Was meinen Kontakt mit den jüdischen Persönlichkeiten anbelangte, so sei bemerkenswert, wie großes Verständnis eine Reihe der prominenten Mitglieder der Jewish Community für die Konsequenzen des 13. August für die ganze deutsche Entwicklung haben würde. Niemand habe sich aber für einen militärischen Einsatz der Vereinigten Staaten ausgesprochen. Das gelte natürlich in noch höherem Maße für die Intellektuellen, mit denen ich Kontakt gehabt hätte, die zum Teil für das deutsche Drängen auf eine Beseitigung der Mauer wenig Verständnis gehabt hätten.

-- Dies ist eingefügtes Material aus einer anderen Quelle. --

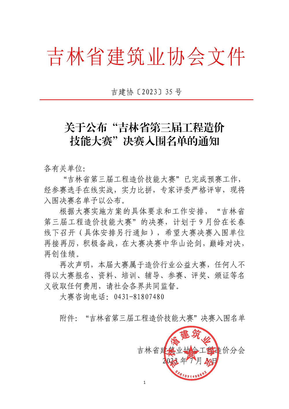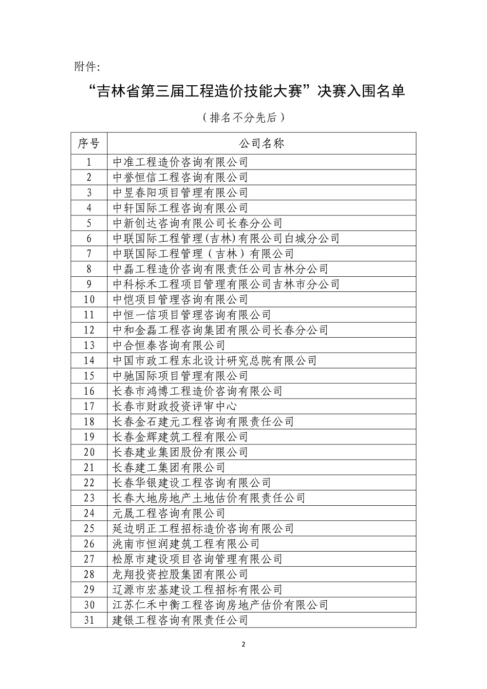 关于公布“吉林省第三届工程造价 技能大赛”决赛入围名单的通知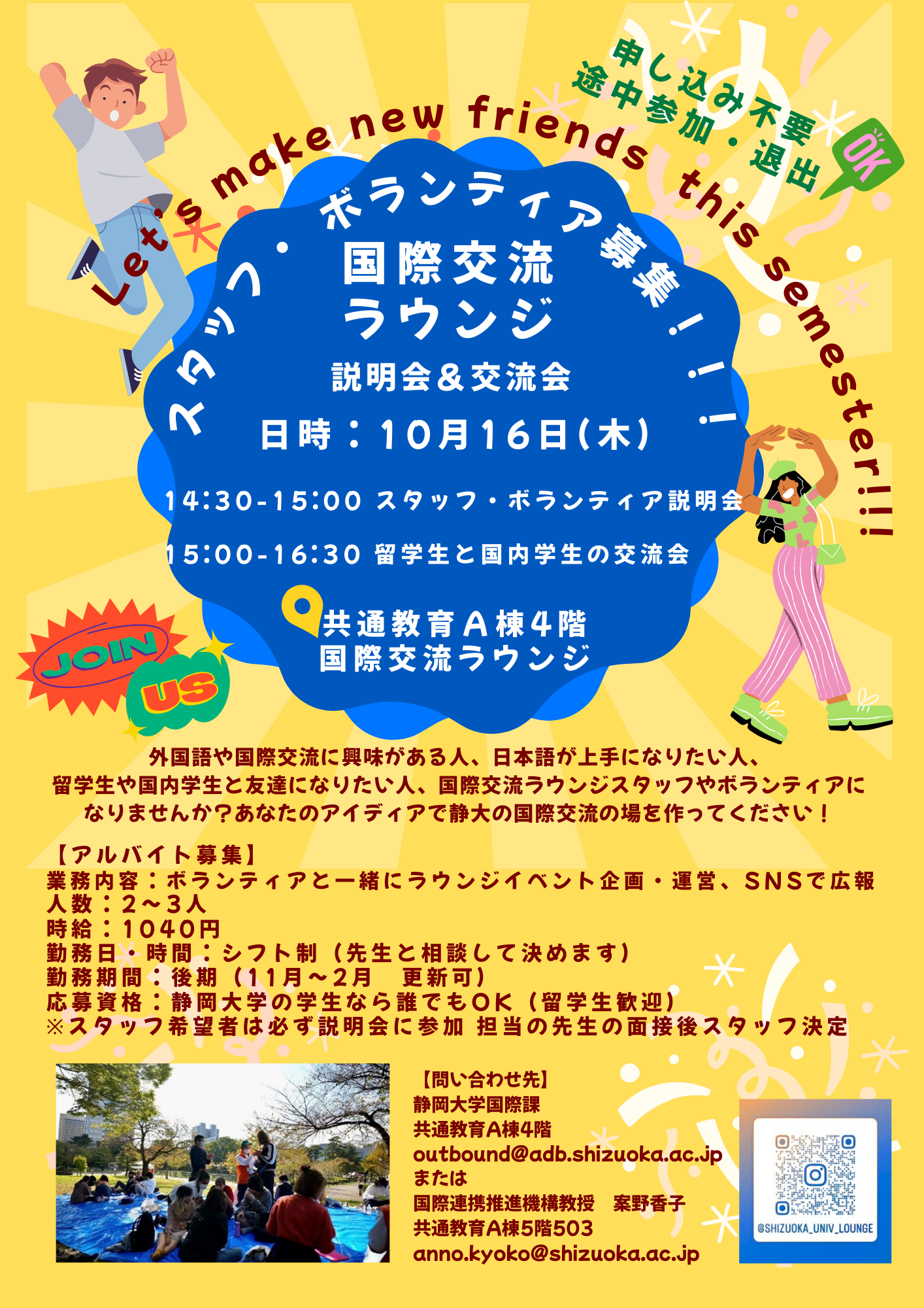 国際交流ラウンジスタッフやボランティアになりませんか?あなたのアイディアで静大の国際交流の場を作ってください!外国語や国際交流に興味のある人、日本語が上手になりたい人などなど…説明会&交流会でお待ちしています!

Der Bundeskanzler erklärte mir, mein Bericht bestätige den Eindruck, den er in den letzten Wochen gewonnen hätte und den ihm auch der deutsche Botschafter in Washington vermittelt hätte. Die Chancen für eine Wiedervereinigung Deutschlands seien damit weiter verringert.

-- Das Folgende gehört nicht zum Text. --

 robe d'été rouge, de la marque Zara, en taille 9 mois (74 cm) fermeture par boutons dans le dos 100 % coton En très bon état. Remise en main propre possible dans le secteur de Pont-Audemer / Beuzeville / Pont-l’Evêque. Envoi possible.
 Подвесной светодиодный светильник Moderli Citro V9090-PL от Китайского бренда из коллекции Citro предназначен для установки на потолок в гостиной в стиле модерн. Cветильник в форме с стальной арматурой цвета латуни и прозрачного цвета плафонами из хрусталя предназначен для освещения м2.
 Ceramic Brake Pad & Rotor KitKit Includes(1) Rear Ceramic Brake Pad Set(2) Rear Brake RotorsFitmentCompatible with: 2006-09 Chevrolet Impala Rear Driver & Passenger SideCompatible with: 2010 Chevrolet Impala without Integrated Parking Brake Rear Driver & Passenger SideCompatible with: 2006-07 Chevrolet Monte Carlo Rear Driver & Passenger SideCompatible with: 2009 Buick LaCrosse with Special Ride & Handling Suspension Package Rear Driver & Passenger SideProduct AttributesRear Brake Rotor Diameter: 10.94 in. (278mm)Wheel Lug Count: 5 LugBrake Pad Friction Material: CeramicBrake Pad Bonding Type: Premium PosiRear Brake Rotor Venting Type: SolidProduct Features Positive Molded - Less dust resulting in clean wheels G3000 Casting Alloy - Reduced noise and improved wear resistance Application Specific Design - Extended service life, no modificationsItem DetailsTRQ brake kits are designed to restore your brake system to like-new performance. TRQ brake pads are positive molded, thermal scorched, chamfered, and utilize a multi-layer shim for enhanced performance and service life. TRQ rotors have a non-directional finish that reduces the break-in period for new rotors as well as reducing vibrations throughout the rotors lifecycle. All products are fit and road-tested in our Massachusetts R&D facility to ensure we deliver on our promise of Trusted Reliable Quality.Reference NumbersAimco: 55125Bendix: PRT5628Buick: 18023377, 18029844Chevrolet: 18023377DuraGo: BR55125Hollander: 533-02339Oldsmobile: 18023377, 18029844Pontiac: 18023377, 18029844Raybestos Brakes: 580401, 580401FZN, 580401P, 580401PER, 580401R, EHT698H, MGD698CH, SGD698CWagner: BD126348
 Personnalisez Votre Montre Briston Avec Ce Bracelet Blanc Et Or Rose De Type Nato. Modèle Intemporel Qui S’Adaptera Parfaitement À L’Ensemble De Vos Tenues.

Dennoch gewann ich am Ende des Gesprächs den Eindruck, daß der Bundeskanzler inzwischen der amerikanischen Einstellung größeres Verständnis entgegenbrachte. Er erklärte mir abschließend, meine Darlegungen seien für sein unmittelbar bevorstehendes Gespräch mit Präsident Kennedy von erheblicher Bedeutung. Er werde die amerikanische Argumentation nochmals überdenken und bei seinem Besuch in Washington auf die wichtigsten Probleme zu sprechen kommen. 

Quelle: Konrad Adenauer 1876-1976. Hg. von Helmut Kohl in Zusammenarbeit mit der Konrad-Adenauer-Stiftung e.V. Stuttgart-Zürich 1976, S. 53-56.